Back in the mid- 1930s, just before I began to study psychology, Gordon Allport, one, of the great psychologists of his time, called attitudes the central topic of social psychology. Maybe it was, but there was then pitiably little by way of theory and method to back up the claim. Social psychology itself was still more a dream and a program than an accomplishment. During World War II, a good deal of serious practical social psychology got done, and in the immediate postwar years, social psychology like clinical psychology consolidated itself as a self-conscious subdiscipline. A major work of that period, Communication and Persuasion ( 1953) by Carl Hovland, Irving Janis , and Harold Kelley, all then at Yale, is the most direct ancestor of the present work. The strongest praise that I can give to the book before you is that it is a. worthy successor to Hovland-Janis-Kelley, almost 3 decades later. Were you to read both books (a good idea), you would find that the psychology of attitudes, attitude change, and persuasion has made real progress over the quarter century. This book, a collaborative product of leading contributors to attitude research and theory, should itself help to move things ahead.

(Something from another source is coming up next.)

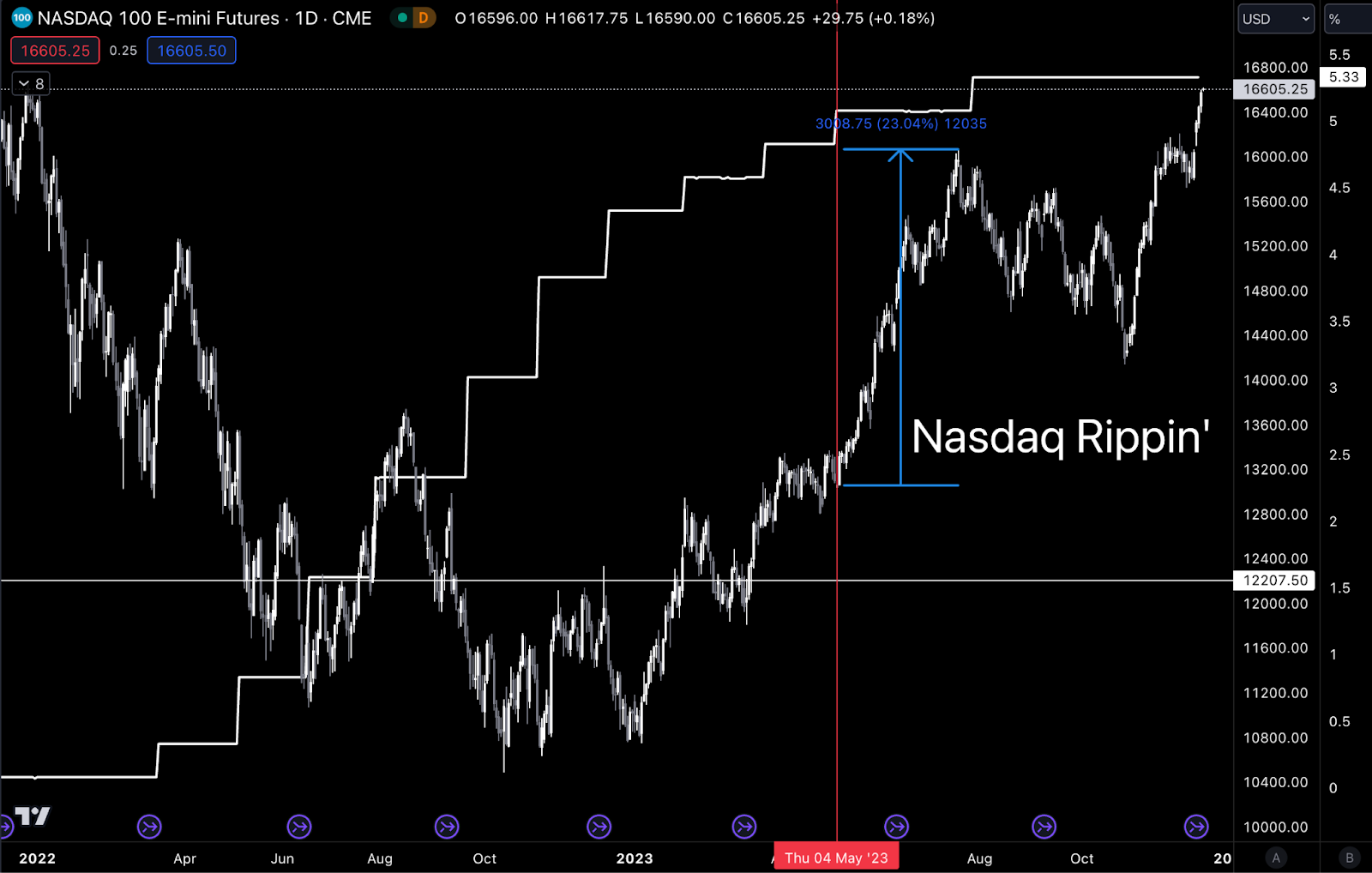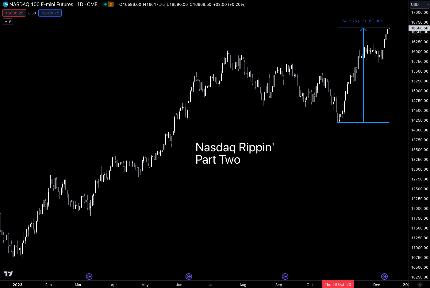 Below is the Nasdaq with the October 26 date as the red vertical line. The market has risen 17% since then.

At about the time that my friends at Yale were opening up the systematic experimental study of persuasive communication, my colleagues Jerome Bruner, Robert White, and I at Harvard were trying to counterbalance the schematic simplifications of pro-con attitude measurement and of single-factor theories of attitude change in a "naturalistic" approach to the embeddedness of people's opinions in their ongoing adaptive enterprises of living ( Opinions and Personality, 1956). In retrospect, the Zeitgeist gave much more support to Hovland

Janis-Kelley than to Smith-Bruner-White. In the years since, social psychologists have invested almost exclusively in the strategies of theory-testing in the laboratory in contrast with qualitative or "clinical" observation, and the present book both exemplifies and reaps the products of this mainstream tradition of experimental social psychology. It represents experimental social psychology at its best. It does not try to establish contact with the content-oriented strategies of survey research, which have developed in regrettable independence of the laboratory study of persuasion processes.

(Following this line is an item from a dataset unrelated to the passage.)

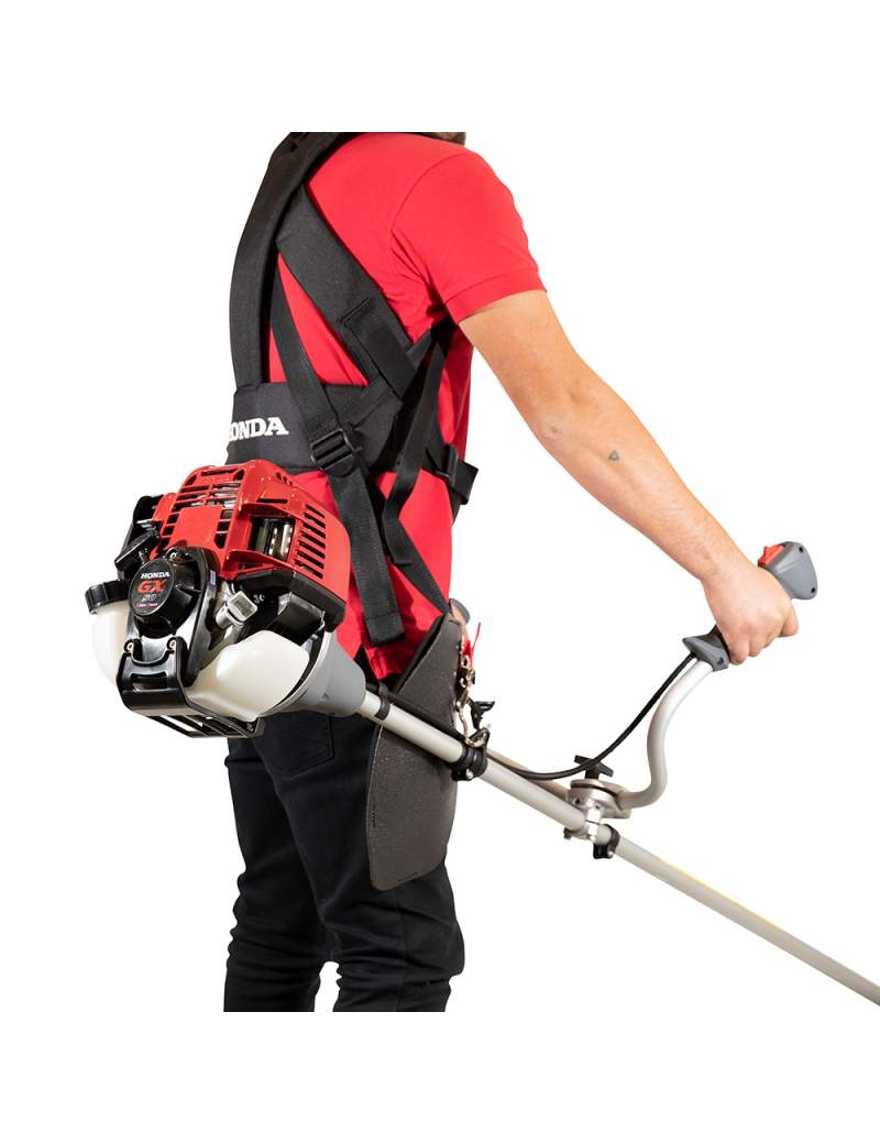 Orilladora ~ Desmalezadora HONDA UMK 450, Motor de 4 tiempos, NO usa mezcla tipo comercial/profesional, bastidor; construido en un tubo principal cuyo diámetro es de 28mm., espesor de 2 mm., manillas de operación: tipo U (permite controlar el desbroce con mayor vigor) Equipada con motor HONDA modelo GX50 (M4), 50cc., bencinero de cuatro tiempos, válvulas en la culata OHV, mono cilíndrico, refrigerado por aire forzado, lubricado por aceite, encendido electrónico, descompresor automático (minimiza la fuerza a utilizar en la partida), arranque manual por piola retráctil.

All the same, the distinctive focus that binds the book together, a stress on people's cognitive responses during exposure to persuasive communication as in some way mediating or qualifying the impact of the persuasive message, seems to me a welcome return to concerns that Bruner, White, and I had very much in mind but were in no position to deal with so systematically. Once more we are dealing with the idiosyncratic opinion processes of active persons, persons who do not merely "receive" messages but resist, select, and interpret them in their commerce with what we called their informational environment.